2. Assign 1 point if a customer spends 100% of their credit limit but does not clear the full amount.
3. If both conditions are met in a single month, assign 1 additional point.
4. Sum all points for each customer and output the results.

### Loan Defaulters
#### Loan File Key Points
- **Personal Loans:**
- No short or late payments are accepted.
- Missing monthly installment implies no entry for that month.
- **Medical Loans:**
- Late payments are accepted only if the full amount is paid.
- Every month’s data is present for medical loans.

#### Loan Defaulter Rules
1. **Medical Loan Defaulters:** A customer is a defaulter if they make 3 or more late payments.
2. **Personal Loan Defaulters:**
- A customer is a defaulter if they miss 4 or more installments.
- Alternatively, a customer is a defaulter if they miss 2 consecutive installments.

## Setup

### 1. Upload Source Files
1. Prepare the source files `cards.txt` and `loan.txt` with customer data.
2. Upload the files to a Google Cloud Storage bucket:
```bash
gsutil cp cards.txt gs:///
gsutil cp loan.txt gs:///
```

### 2. Set Up Dataflow
1. Enable Dataflow API:
```bash
gcloud services enable dataflow.googleapis.com
```

2. Create a Dataflow job to process the data:
- Use the provided `defaulters.py` script to define the pipeline.
- Specify the input files and output location in the script or via arguments.

### 3. Run the Python Script
Run the `defaulters.py` script to execute the pipeline:
```bash
python defaulters.py \
--input_cards=gs:///cards.txt \
--input_loans=gs:///loan.txt \
--output=gs:///output/
```

### 4. Sink to BigQuery
To sink the results to BigQuery, modify the pipeline in `defaulters.py` to include BigQuery as a sink.

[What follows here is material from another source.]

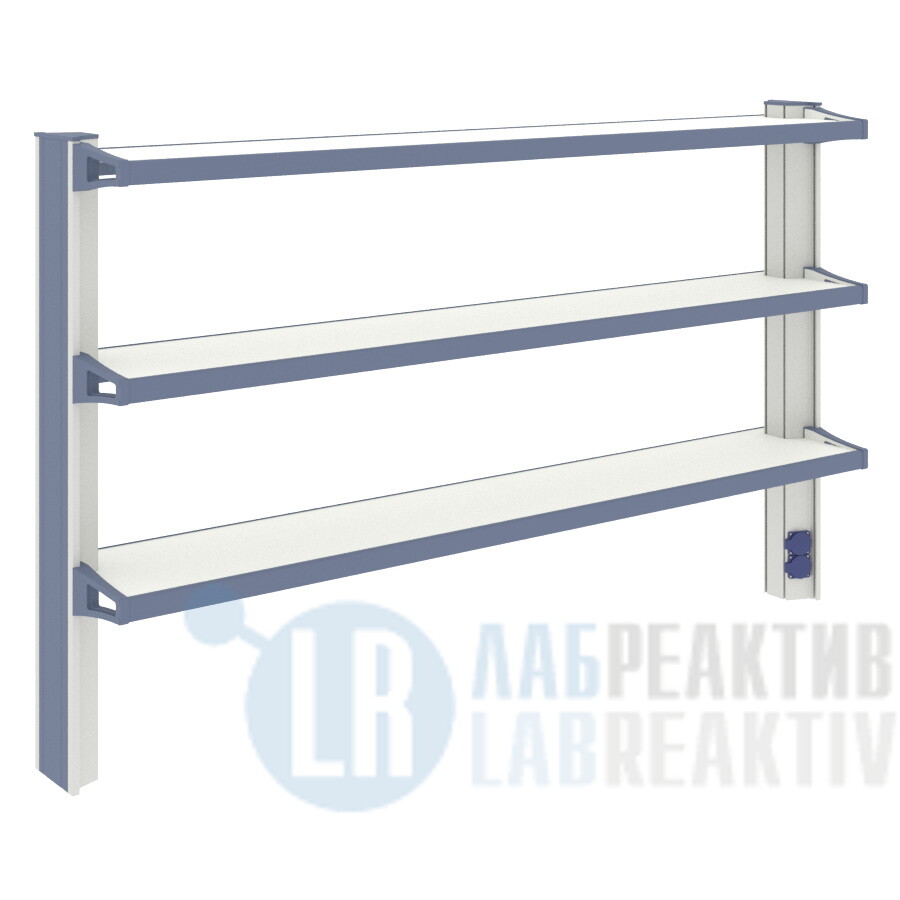 — 3 полки глубиной 400 мм – ПВХ толщиной 5 мм в рамке из двух алюминиевых профилей, окрашенных порошковой краской (RAL 5023), полки устанавливаются на необходимой высоте, предусмотрена возможность изменения положения полок по высоте стеллажа с помощью быстрозажимных элементов

1. Enable the BigQuery API:
```bash
gcloud services enable bigquery.googleapis.com
```

2. Create a BigQuery dataset to store the results:
```bash
bq mk
```

3. Modify the `defaulters.py` script to write outputs to BigQuery:
```python
card_defaulter | 'Write card defaulters to BigQuery' >> beam.io.WriteToBigQuery(
table='project_id:dataset_id.card_defaulters',
schema='customer_id:STRING, fraud_points:INTEGER',
write_disposition=beam.io.BigQueryDisposition.WRITE_TRUNCATE,
create_disposition=beam.io.BigQueryDisposition.CREATE_IF_NEEDED
)

final_loan_defaulters | 'Write loan defaulters to BigQuery' >> beam.io.WriteToBigQuery(
table='project_id:dataset_id.loan_defaulters',
schema='customer_id:STRING, missed_months:INTEGER',
write_disposition=beam.io.BigQueryDisposition.WRITE_TRUNCATE,
create_disposition=beam.io.BigQueryDisposition.CREATE_IF_NEEDED
)

both_defaulters | 'Write combined defaulters to BigQuery' >> beam.io.WriteToBigQuery(
table='project_id:dataset_id.combined_defaulters',
schema='customer_id:STRING, card_defaulter:INTEGER, loan_defaulter:INTEGER',
write_disposition=beam.io.BigQueryDisposition.WRITE_TRUNCATE,
create_disposition=beam.io.BigQueryDisposition.CREATE_IF_NEEDED
)
```

4. Run the pipeline again to process and store the results in BigQuery.

## Output
The output includes:
1. Credit card defaulter scores in BigQuery.
2. Loan defaulter statuses (Medical or Personal Loan) in BigQuery.
3. Combined defaulter results in BigQuery.

Check the results in your specified BigQuery tables.

## License
This project is licensed under the MIT License. See the LICENSE file for details.